I'm less than three months out from a marathon that kicked my butt two years ago. I am ambivalent. I know I'll have to work like crazy from now til then -- thru the truly crappy weather of January and February -- to make a decent show of it. And by 'make a decent show' I mean not cramping up just ten miles in and having to hobble and cuss to finish in seven and a half hours.
I'm also trying to figure out how to write what I think could be a really good article, about a young guy in Mississippi who runs a kayak-tour business, and who happens to be African-American. So many parts of my life come into play for this piece, from growing up in the Mississippi Delta, to the kayaking I've done, to having read for decades the kind of article that I want to write. I am ambivalent. Which way to go? How to structure it? How to get the best of the idea across?
Rock climbers in the subdiscipline called bouldering -- where shorter, hard climbs without ropes are the thing -- call the routes 'problems.' A problem that a climber is currently being worked on is a 'project.' Bouldering sometimes means working on a project that's no more than a few feet long -- the moves are so hard, the holds so small, gravity so ferocious and unrelenting, that that's all the climber can do. Or wants to do.
The world's hardest bouldering problem, as of now, is about twelve feet long. Finnish climber Nalle Hukkataival worked on the problem, called Burden of Dreams, for three years.
Climbers working on bouldering projects will spend weeks on five feet of rock. They'll work on one move -- step here, finger pocket here -- for hours. Days.
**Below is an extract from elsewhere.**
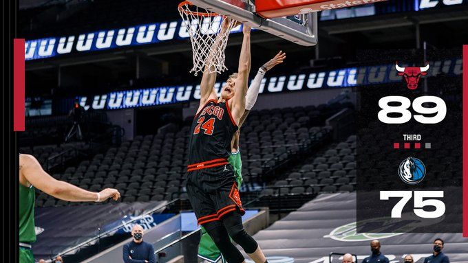 24直播网1月18日讯,2020-21赛季NBA常规赛正在继续,独行侠坐镇主场迎战公牛队。独行侠在上一场惜败雄鹿后排名西部第六位 ,而公牛队则是遭遇了四连败排名东部第十三位。比赛开始凭借着东契奇的出色发挥带领球队率先取得领先,公牛队在一波奋力追上比分后,两队就此陷入拉锯战。此后,公牛队突然发力将分差拉开,最终公牛以117-101力克独行侠。

I need more of that attitude. I need to forget the big picture, the 'why am I doing this, what is it going to look like,' and to be willing to focus on the tiny steps, the microscopic features, for as long as it takes. After all, these are things that I've chosen to apply myself to, to put in the work on. What makes anything that any of us does, worthwhile? It's internal, the feeling of having done good work. Whether that's laying a driveway, recording a song, or teaching a child. Or writing an article, or running a marathon.